Records for the exercise:
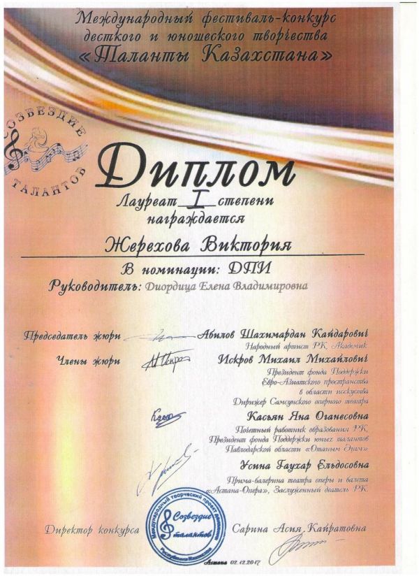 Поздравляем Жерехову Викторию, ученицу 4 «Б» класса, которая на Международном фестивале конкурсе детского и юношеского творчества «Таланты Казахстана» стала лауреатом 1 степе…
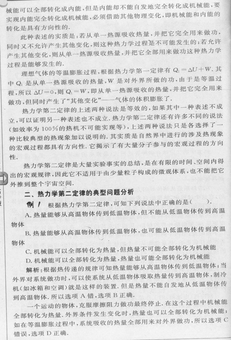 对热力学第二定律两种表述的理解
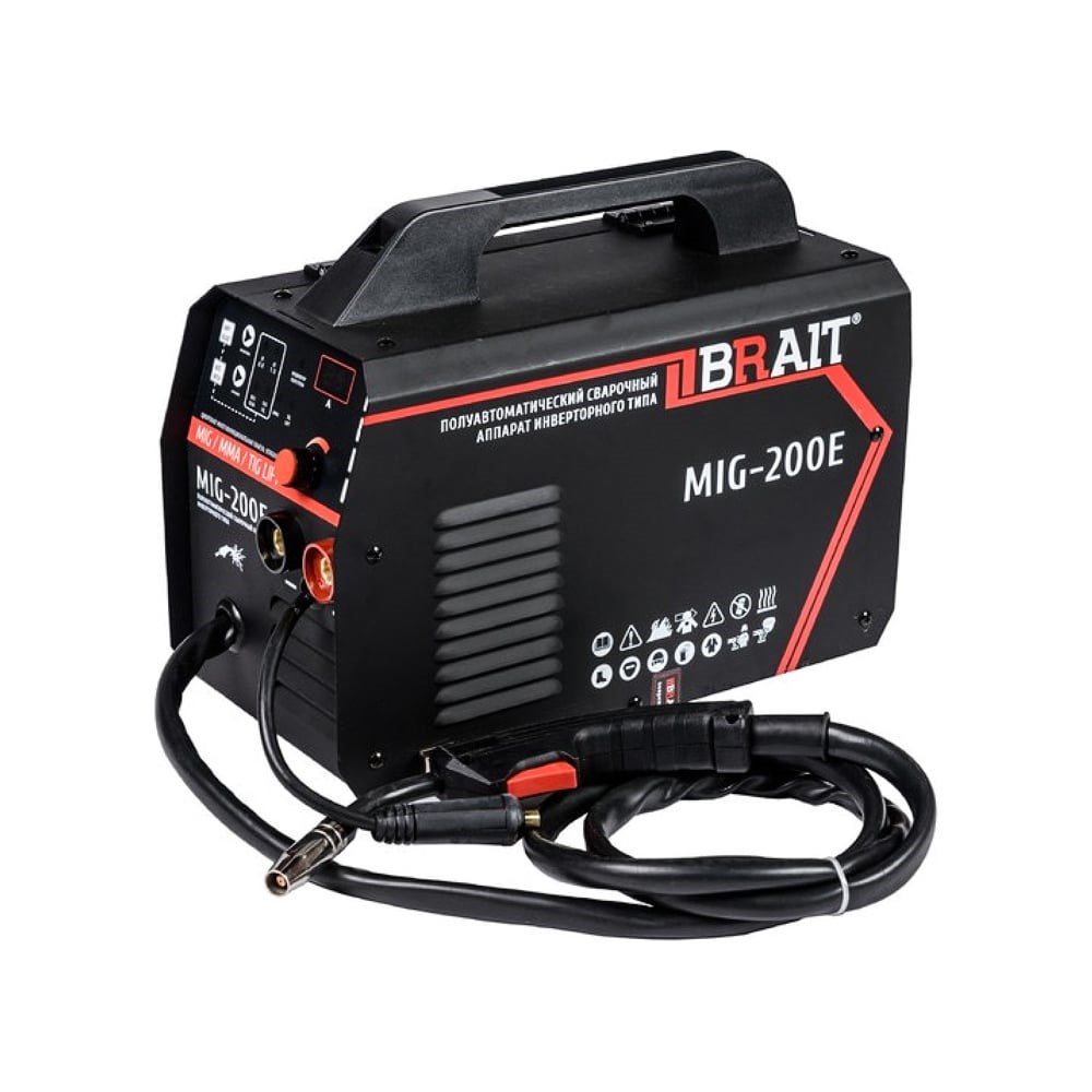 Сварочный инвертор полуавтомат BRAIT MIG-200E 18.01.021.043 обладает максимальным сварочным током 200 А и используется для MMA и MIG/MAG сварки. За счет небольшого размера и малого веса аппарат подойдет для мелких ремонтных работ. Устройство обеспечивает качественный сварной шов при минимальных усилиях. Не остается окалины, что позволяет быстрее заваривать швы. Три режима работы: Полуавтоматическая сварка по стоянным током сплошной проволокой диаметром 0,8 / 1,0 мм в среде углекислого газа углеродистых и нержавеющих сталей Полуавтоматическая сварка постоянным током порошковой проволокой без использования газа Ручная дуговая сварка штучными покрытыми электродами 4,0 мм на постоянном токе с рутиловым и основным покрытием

* * *

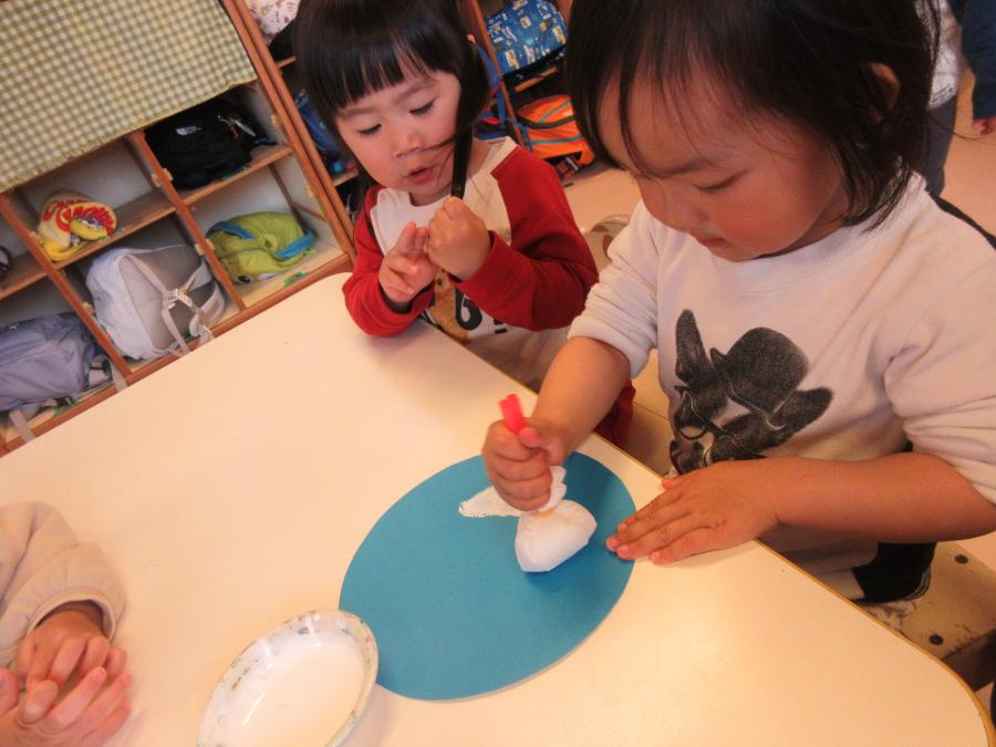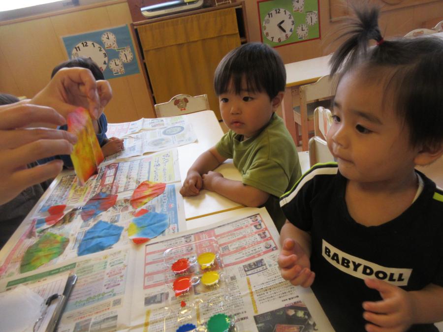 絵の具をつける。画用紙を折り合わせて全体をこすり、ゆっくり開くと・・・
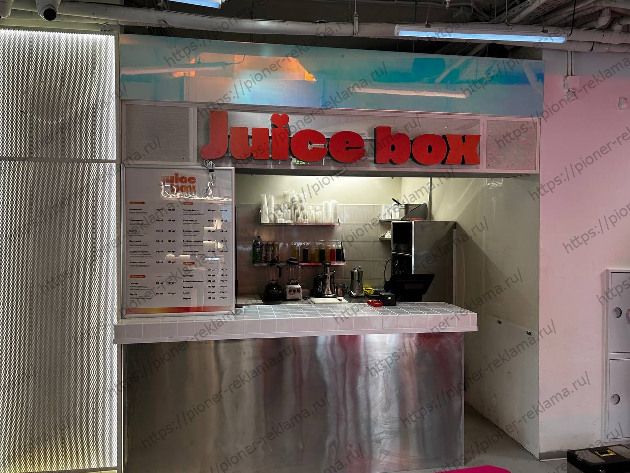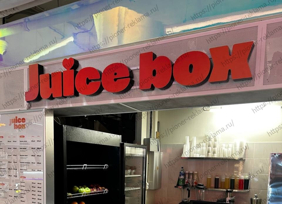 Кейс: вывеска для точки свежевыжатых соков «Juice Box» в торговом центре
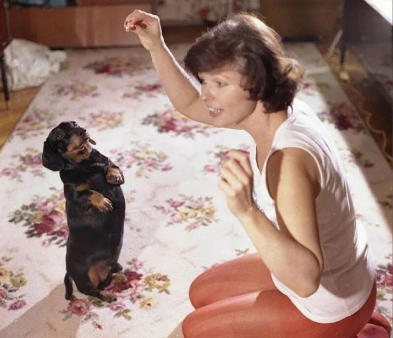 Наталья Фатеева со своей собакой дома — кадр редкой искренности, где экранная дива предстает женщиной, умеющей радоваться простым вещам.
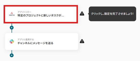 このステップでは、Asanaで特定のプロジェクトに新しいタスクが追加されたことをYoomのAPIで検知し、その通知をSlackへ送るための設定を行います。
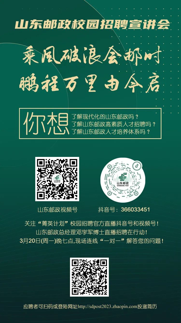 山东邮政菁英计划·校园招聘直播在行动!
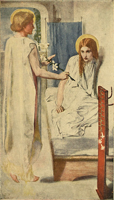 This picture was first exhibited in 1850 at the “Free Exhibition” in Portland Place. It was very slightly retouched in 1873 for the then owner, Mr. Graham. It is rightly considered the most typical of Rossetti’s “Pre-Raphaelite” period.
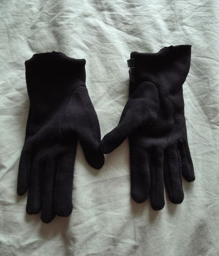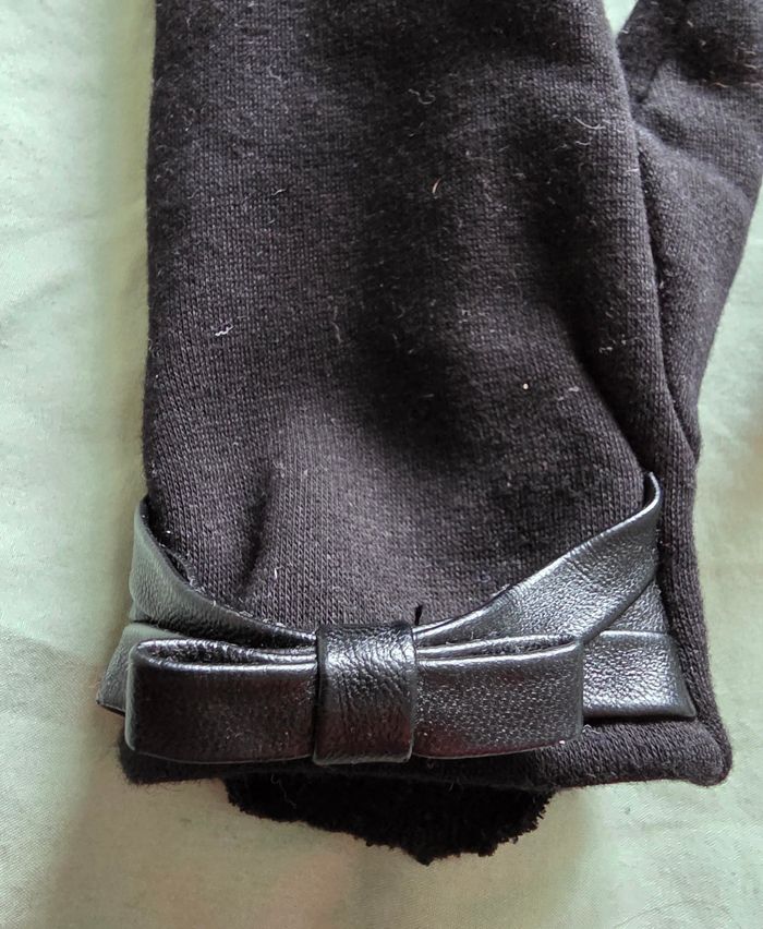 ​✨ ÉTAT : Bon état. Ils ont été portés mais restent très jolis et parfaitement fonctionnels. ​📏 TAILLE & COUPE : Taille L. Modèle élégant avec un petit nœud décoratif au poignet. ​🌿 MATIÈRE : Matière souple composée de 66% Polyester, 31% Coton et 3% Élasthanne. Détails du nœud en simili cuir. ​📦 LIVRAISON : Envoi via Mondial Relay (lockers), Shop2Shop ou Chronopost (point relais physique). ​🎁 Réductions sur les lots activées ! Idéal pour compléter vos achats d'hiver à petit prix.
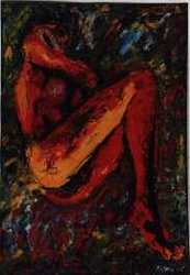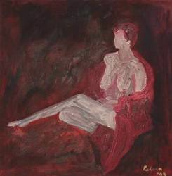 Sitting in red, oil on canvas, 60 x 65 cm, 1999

* * *

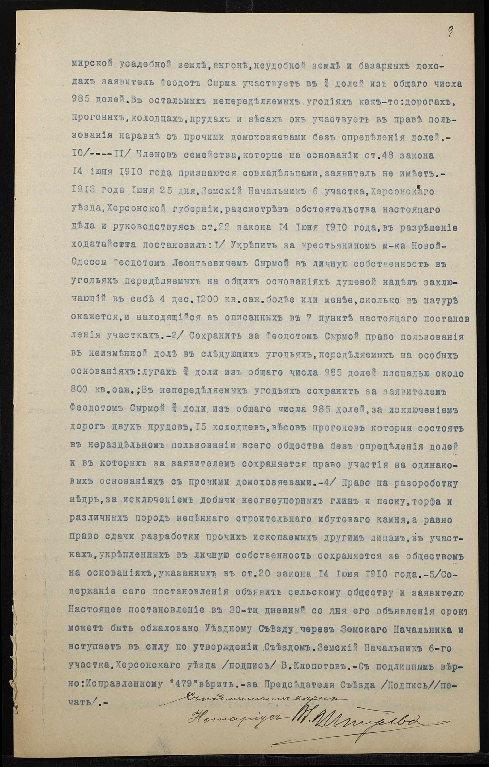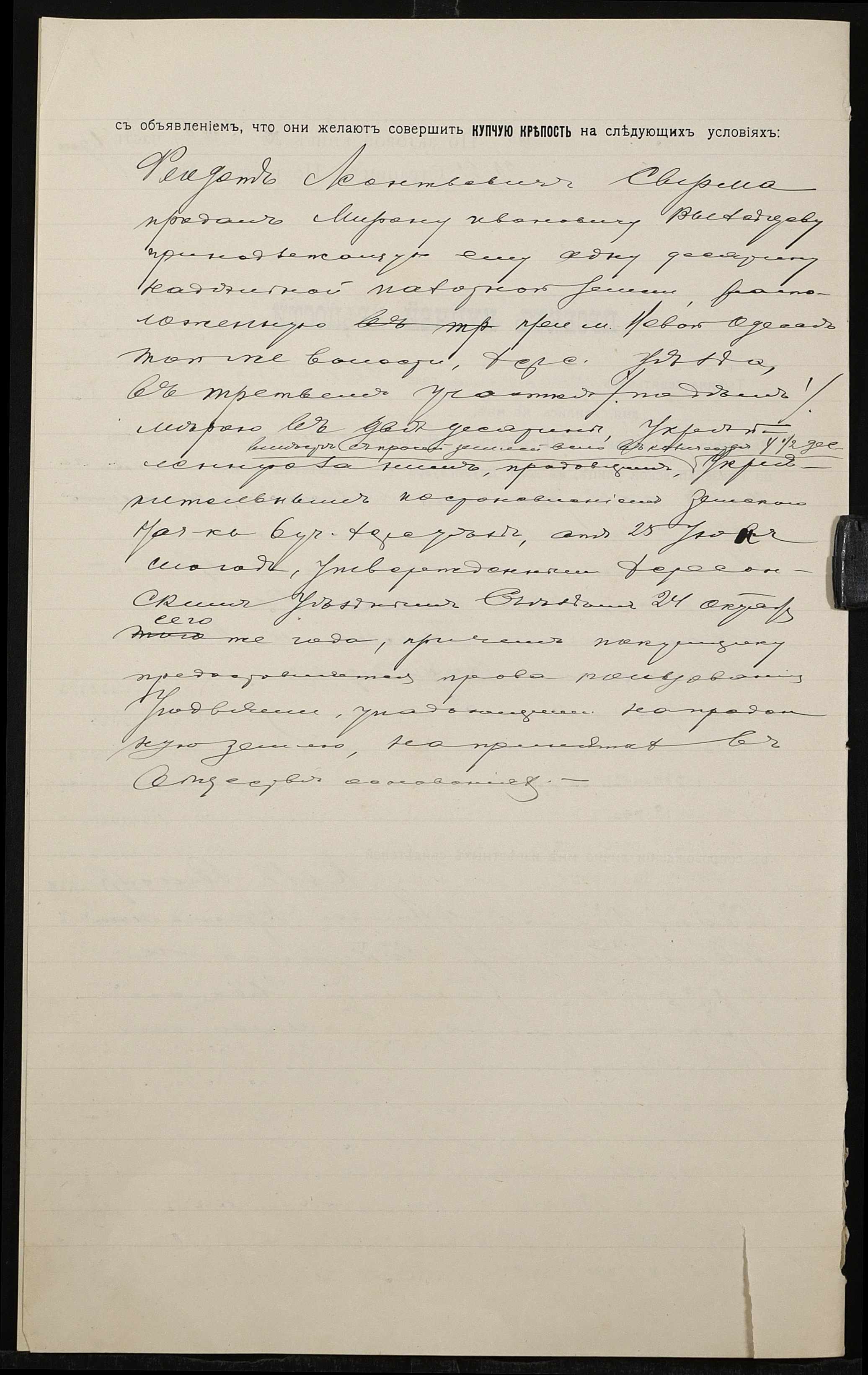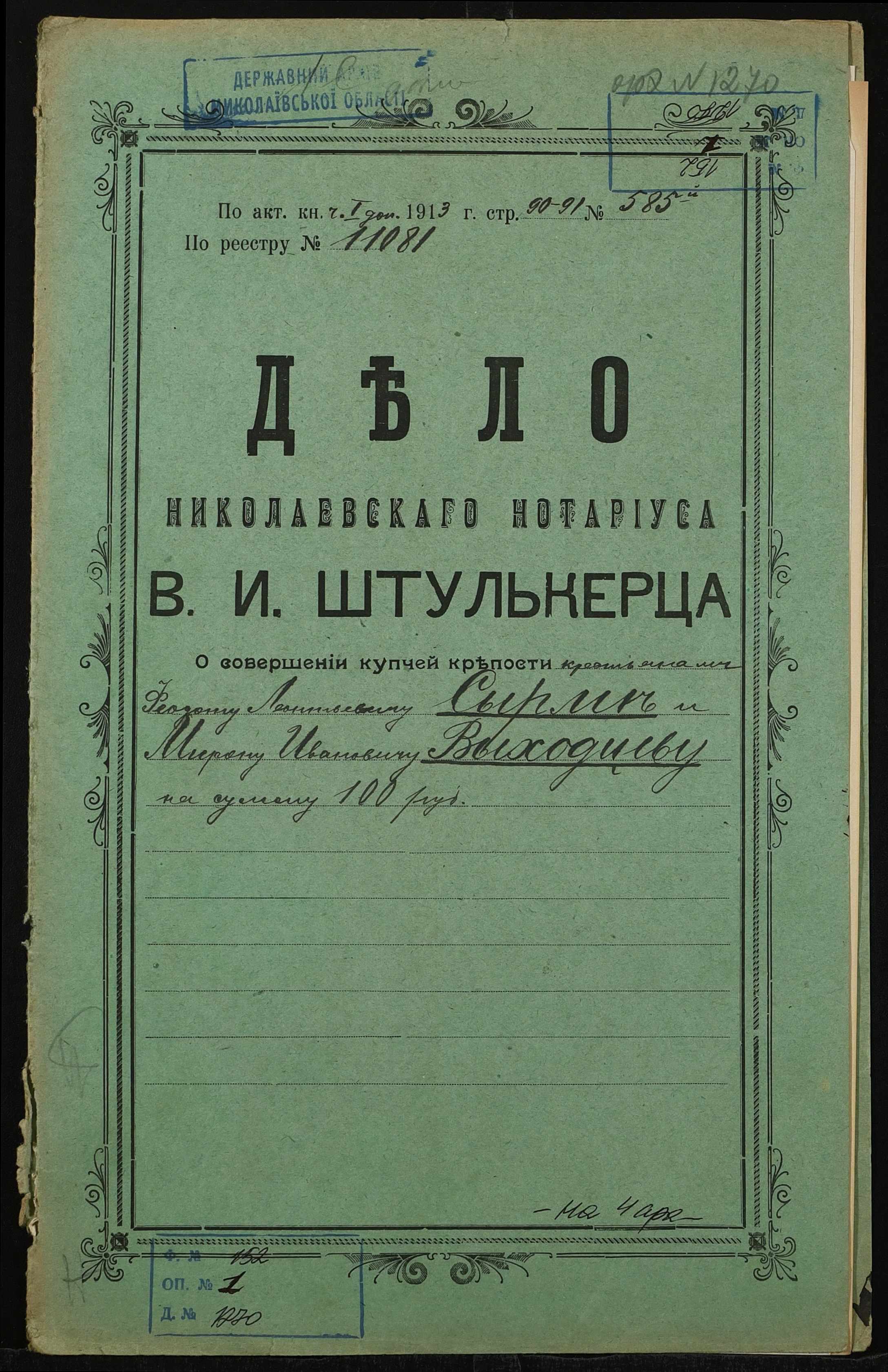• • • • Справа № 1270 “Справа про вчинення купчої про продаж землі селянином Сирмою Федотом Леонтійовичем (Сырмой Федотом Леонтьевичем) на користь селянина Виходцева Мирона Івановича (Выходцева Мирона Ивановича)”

Your goal:
Beginning with the line above that contains "Поздравляем Жерехову Викторию, ученицу" and ending with the line that contains "Сварочный инвертор полуавтомат", quote each line exactly, keeping out the pictures.

Result for this exercise:
 Поздравляем Жерехову Викторию, ученицу 4 «Б» класса, которая на Международном фестивале конкурсе детского и юношеского творчества «Таланты Казахстана» стала лауреатом 1 степе…
 对热力学第二定律两种表述的理解
 Сварочный инвертор полуавтомат BRAIT MIG-200E 18.01.021.043 обладает максимальным сварочным током 200 А и используется для MMA и MIG/MAG сварки. За счет небольшого размера и малого веса аппарат подойдет для мелких ремонтных работ. Устройство обеспечивает качественный сварной шов при минимальных усилиях. Не остается окалины, что позволяет быстрее заваривать швы. Три режима работы: Полуавтоматическая сварка по стоянным током сплошной проволокой диаметром 0,8 / 1,0 мм в среде углекислого газа углеродистых и нержавеющих сталей Полуавтоматическая сварка постоянным током порошковой проволокой без использования газа Ручная дуговая сварка штучными покрытыми электродами 4,0 мм на постоянном токе с рутиловым и основным покрытием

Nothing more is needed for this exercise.